McLaren set up cars for wet – Stella

Despite Lando Norris losing out in qualifying to the Mercedes drivers, McLaren team principal Andrea Stella insists that McLaren feel confident about his team’s prospects for victory in today’s British Grand Prix due to their decision to run higher wing levels for the wet weather.

“We are still in a good position for the race,” Stella told media including RaceFans.

“It will be potentially affected by the weather, so many variables will be at play. The fact that there are these variables is also one of the reasons why you will have seen everyone playing with downforce levels.

“Ultimately we went for a solution that was slightly more than yesterday, because we saw that [Saturday] morning on the intermediate tyre, it was pretty slippery. So we wanted to be in a good position for qualifying – which we expected to be wet, actually less wet than we expected – and because of the possible rain tomorrow.”
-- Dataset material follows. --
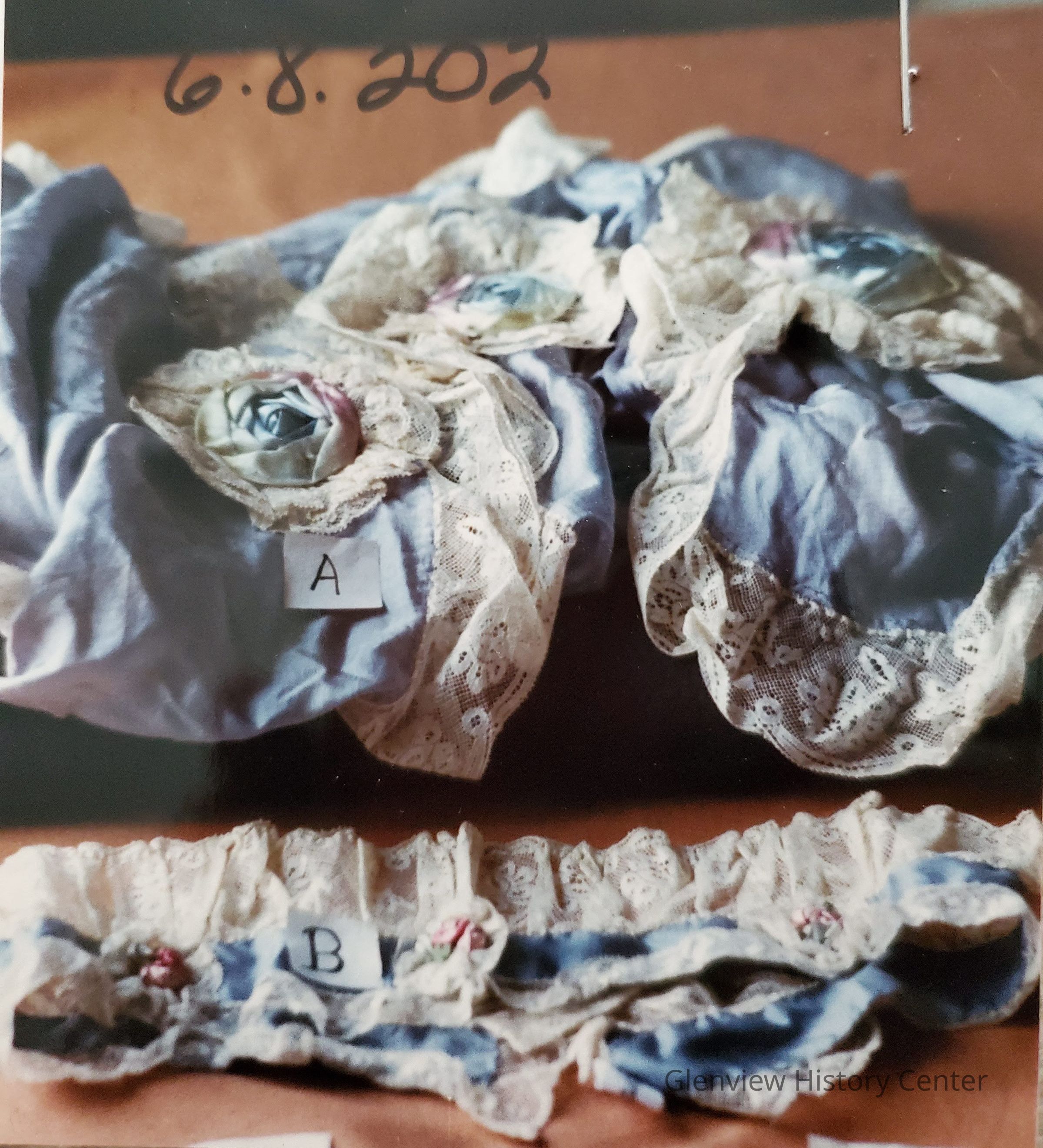 Blue bed jacket and blue headband with rosettes, 3 each. Rosette on sleeves and one on front of jacket.

Stroll reprimanded for red light breach

Lance Stroll has received his second reprimand of the season for exiting the pit lane under a red light in Q1.
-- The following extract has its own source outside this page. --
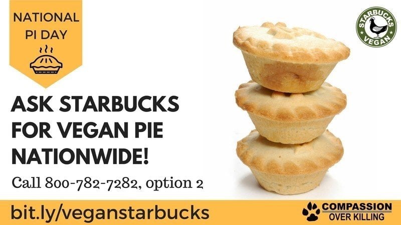 It’s 3/14, better known as Pi Day, and wouldn’t it be sweet to celebrate by indulging in vegan pie at your local Starbucks? Help make this a reality by calling Starbucks TODAY at 800-782-7282 and asking for vegan pie nationwide (use our sample script below)!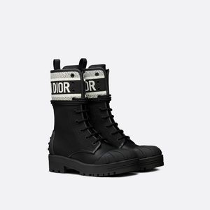 The D-Major ankle boot is offered in a military-inspired variation. The black technical fabric and calfskin laced style is embellished with a white Christian Dior embroidered band, inspired by the Dior Book Tote. The heel, round toe and thick notched rubber sole complete the design.

The Aston Martin driver left his pit garage, located at the end of the pit lane at Silverstone this weekend, on slick soft tyres moments after Sergio Perez spun into the gravel at Copse. When the red flag flew, the pit lane exit light turned red, but Stroll crossed the pit exit line to join the circuit eight tenths of a second after the light came on.

Despite recognising the limited time Stroll had to react, the stewards determined that he had still committed an offence and handed him a reprimand, the minimum penalty outlined under the regulations.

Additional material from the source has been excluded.